I won “Dear Justyce” on NetGalley back in August (it was published on 01 November) and immediately went and bought the first book of the series, “Dear Martin” for my Kindle. The two books really need to be read together as they intertwine timelines and characters; as they’re YA books, they’re not too long so it’s more like reading one adult-length novel. I do recommend these novels, especially for people who are starting to explore Black Lives Matter type issues as there are plenty of examples of how to counter oppression, systemic racism and various common comments and viewpoints.

Nic Stone – “Dear Martin”

(25 August 2020)

Justyce is a young Black kid at a posh mostly White school and on the debating team, but as he gets racially profiled, brutally by the police and insidiously by his classmates, and bullied at school by his best friend Manny’s unpleasant White friends, he starts trying to work things out by writing letters to Martin Luther King Jr. Then, an incidence of extreme violence changes his life forever. Bereaved and lost, his views take a darker turn – is the presence of his excellent friend SJ, who could be more than a friend if only his mum approved of mixed-race relationships and his teacher Doc enough to keep him on the path to university or will he turn aside?

The White kids in class help rehearse come-backs to different statements of racism and the nihilistic viewpoints of some Black characters are also countered, giving the reader weapons against such speech themselves – and remembering this is written for a younger age group, that’s a good idea, although reading slightly over-didactically in places. You do root for Justyce and celebrate the feisty SJ.

Nic Stone – “Dear Justyce”

(25 August 2020)

Written two years after the first book after readers the author was in touch with asked her to write about them instead of a clever boy who was going places, we follow the story of Quan, Manny’s cousin, and see how a series of very small points where he is abandoned by authority figures and figures who should love him lead him almost inexorably down a path towards joining a gang, where he is seen and cared for at last. It’s nicely and carefully done, with different figures leading different kinds of lives for different reasons, and explores the injustices of the so-called justice system, as Quan sees White youths with often worse crimes getting off with a light sentence or fine where everyone assumes he’s a delinquent.

The narrative overlaps and intertwines with the first book very cleverly – for example, Justyce visits Quan in prison and is given a phone number – Quan doesn’t know if he uses it, but we’ve seen what happens in the first book. Justyce, SJ, teacher Doc, who Justyce sends to Quan in prison and a team of other support workers as well as a reformed White boy from the previous book who’s constantly checking his privilege work to help Quan rehabilitate himself and redress the injustice he’s got caught up in by confessing to a crime he might not even have done.
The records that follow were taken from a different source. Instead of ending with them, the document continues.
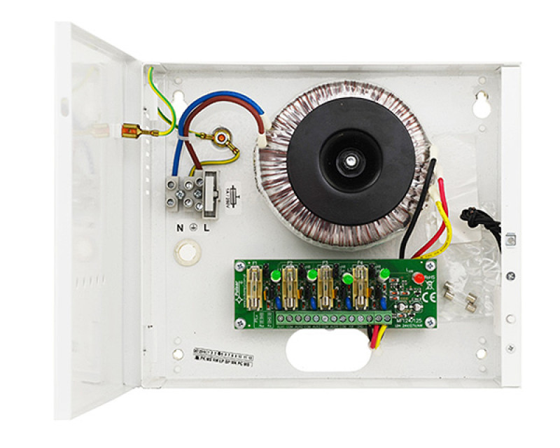 24 VAC, 12 VDC transformátory Pulsar Napájecí zdroj v kovovém krytu s pojistkovými moduly 24 V / 4 x 1A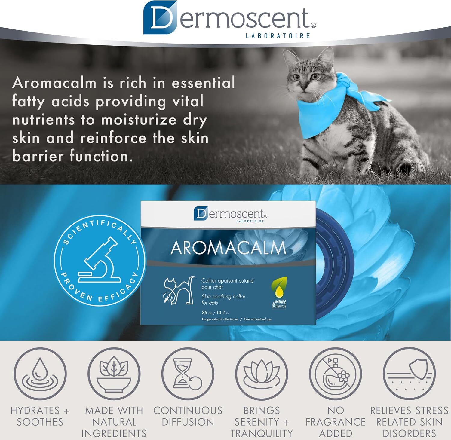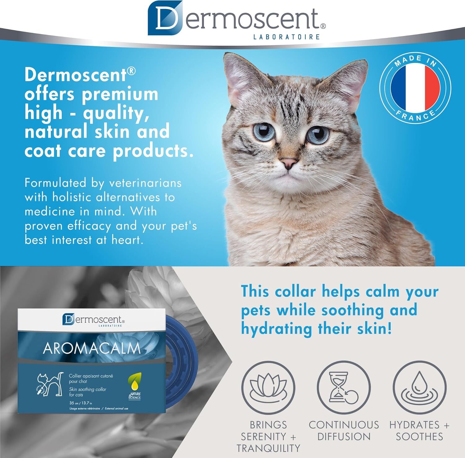A Dermoscent Aromacalm nyakörv kifejezetten stresszre hajlamos macskáknak készült, hogy elősegítse a nyugalmat, csökkentse a feszültséget és támogassa a bőr egészségét. A készítmény összetétele növényi hatóanyagokra és aromaterápiás illóolajokra épül, így kettős hatást fejt ki: megnyugtatja az állatot, miközben ápolja és hidratálja a bőrt.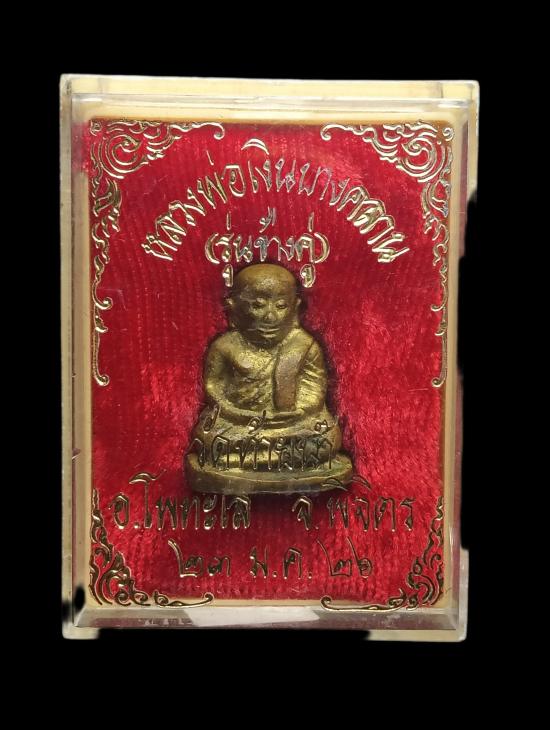 รูปเหมือนหลวงพ่อเงิน วัดบางคลาน รุ่นช้างคู่ พิมพ์ใหญ่ เนื้อทองเหลือง ปี2526 จ.พิจิตร (วัดท้ายน้ำสร้าง) พร้อมบัตรรับรอง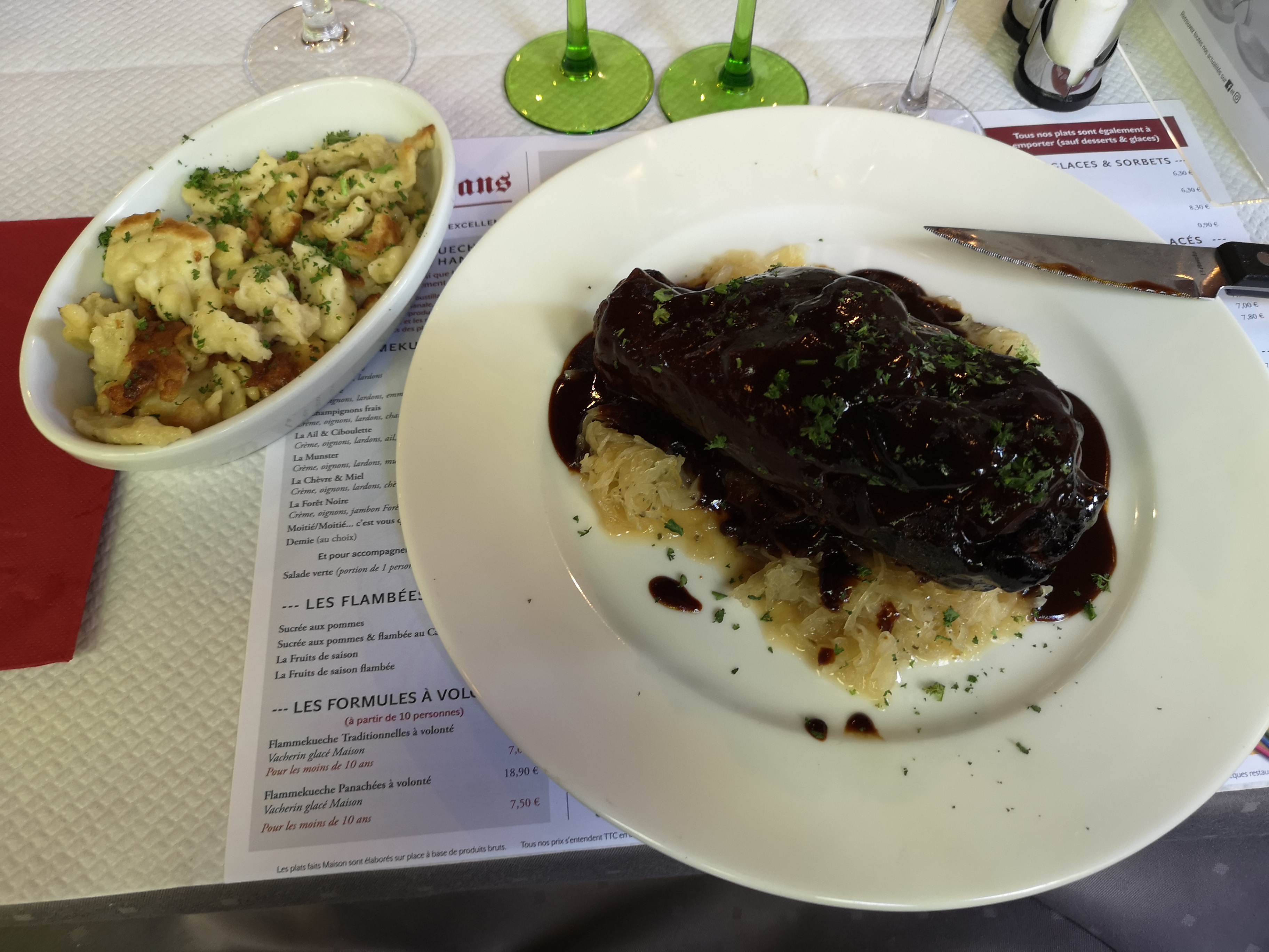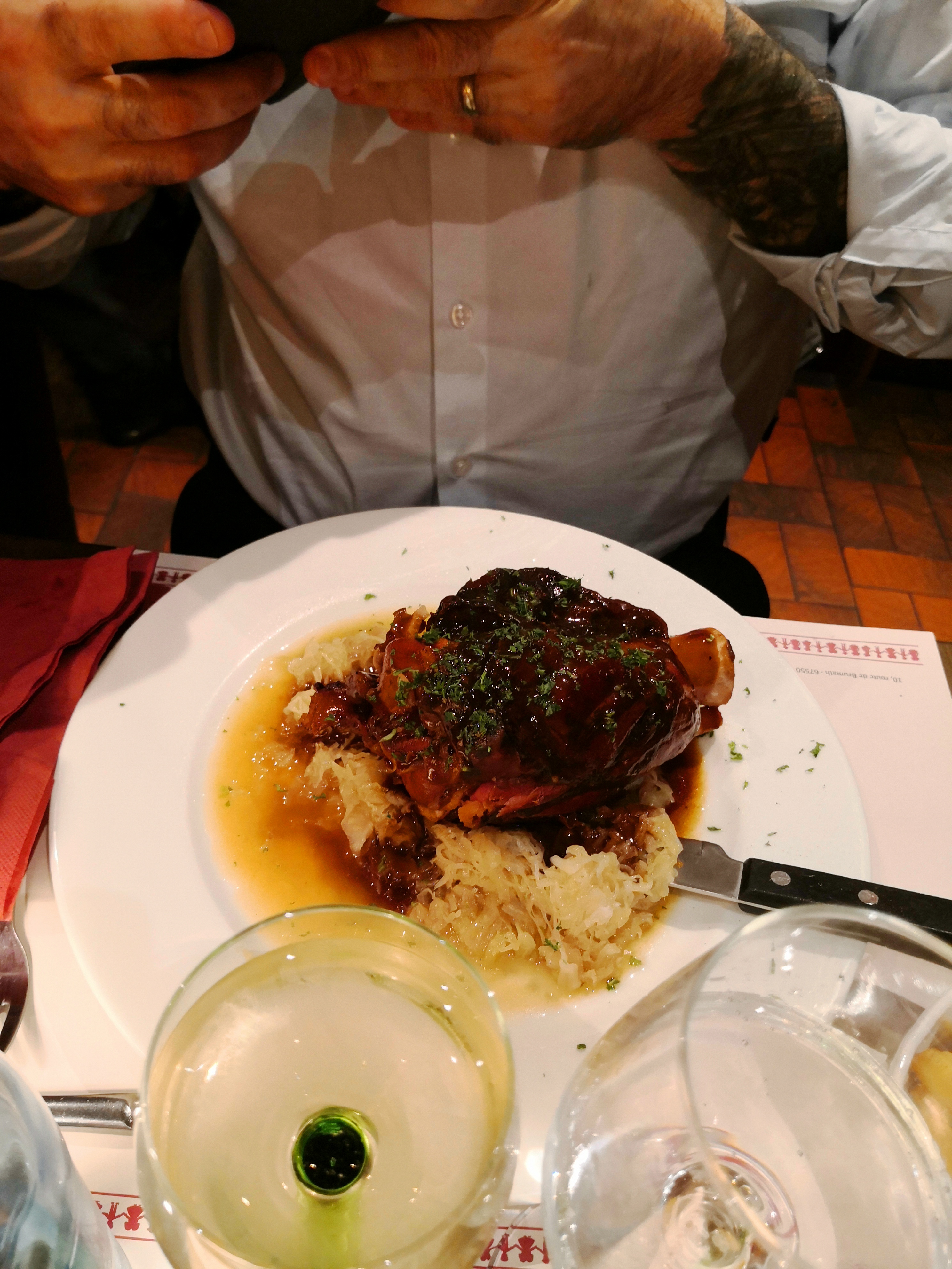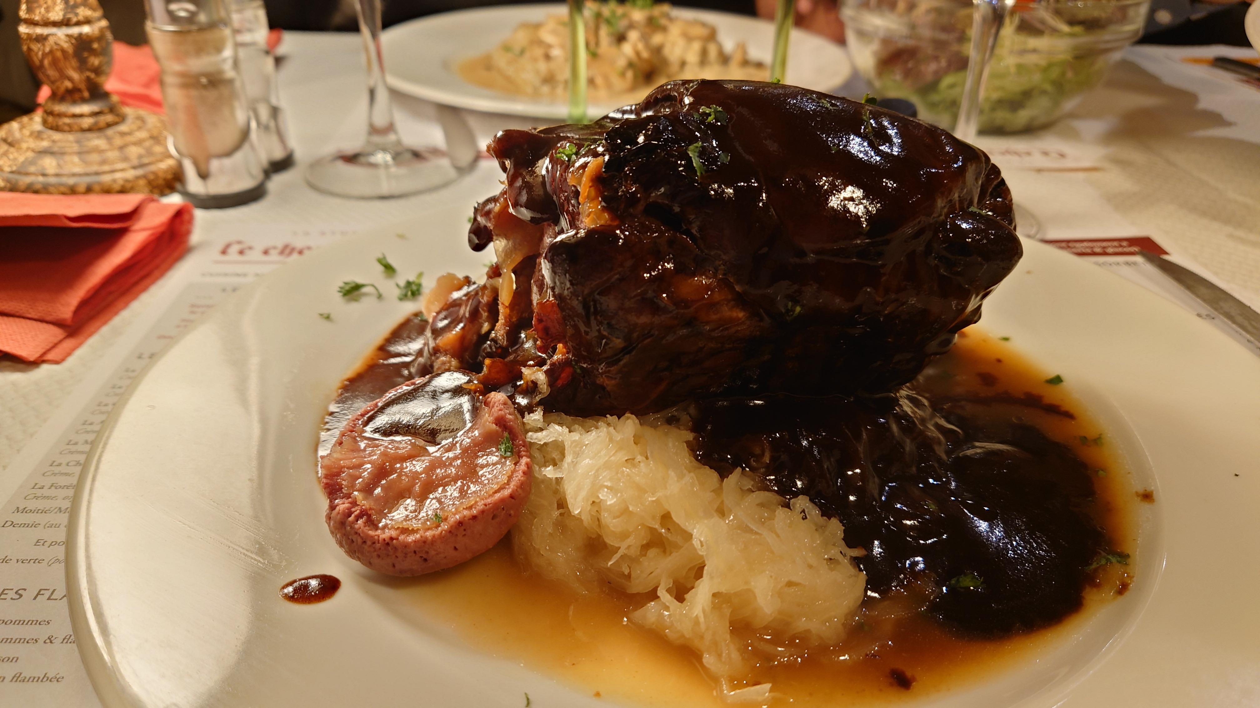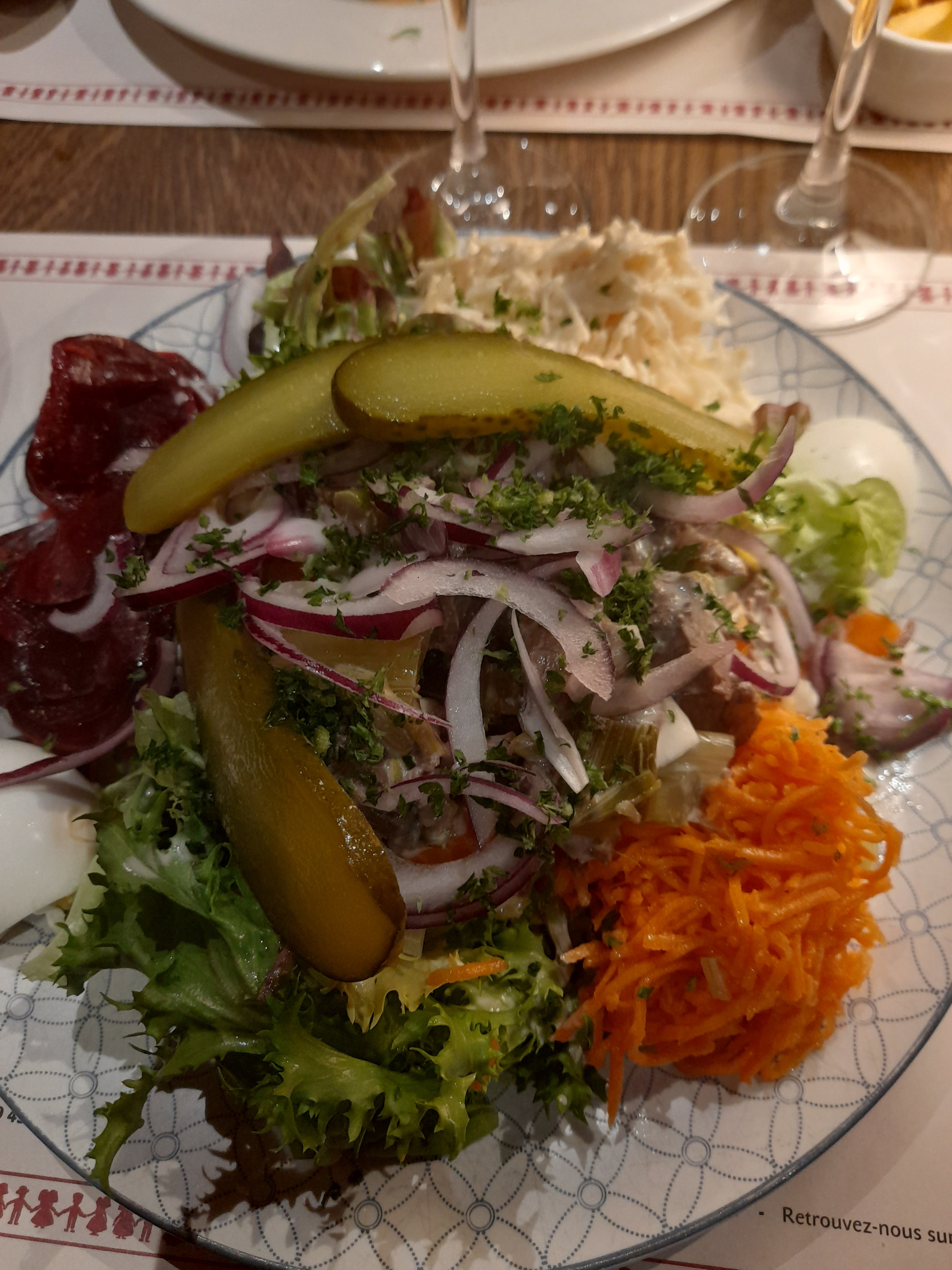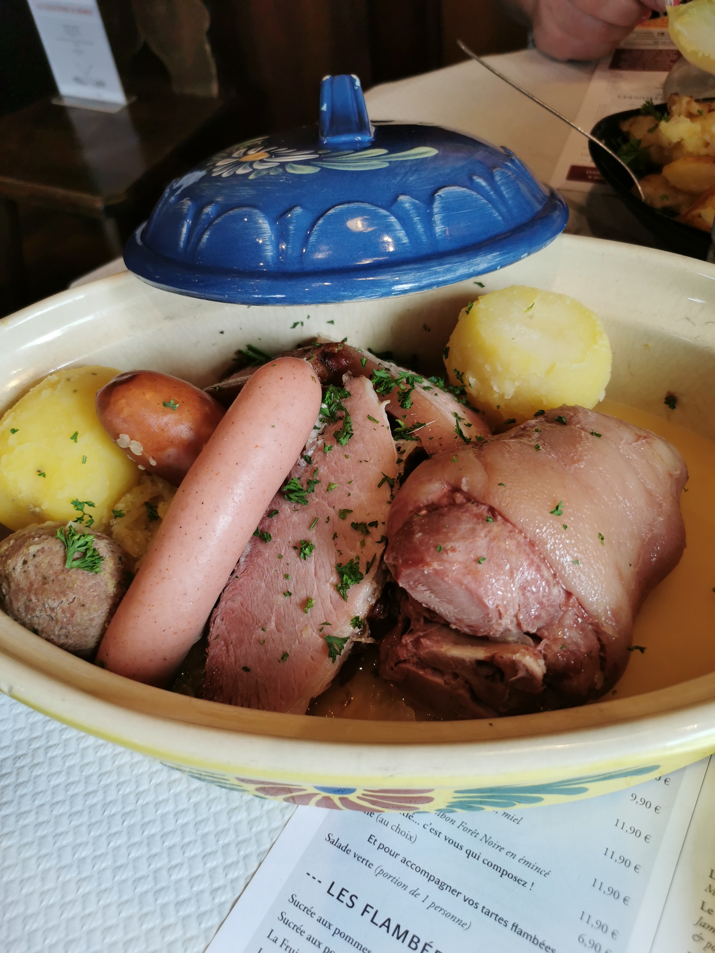 Nourriture bonne et en grande quantité. Quoique assez grasse donc attention aux lendemains. Dessert OK également. Service un peu calamiteux : plat froid, longue attente pour une carafe d'eau ou pour les plats, embrouille également sur quel serveur fait payer à la borne assez incompréhensible. Ambiance bruyante et intérieur température élevée, serveurs qui se rentre dedans, renversent des choses... Un peu dommage pour le service mais la nourriture est bien qualifiable d'alsacienne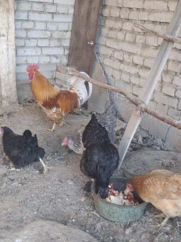 - Породы/масти: черные, рыже-коричневые, серо-пестрые куры; петух крупный рыже-белого окраса.

A positive book with a message that we can understand everyone’s motives (even the gang leader has a surprising education and motives) and that everyone can change – the author does admit that in real-life Georgia a real-life lad like Quan would not have all the support he’s given in the novel. But if it helps people to understand, the overt teaching and the slight exaggerations are worth it, in my opinion.

Thank you to Simon & Schuster for making this book available to me via NetGalley in return for an honest review.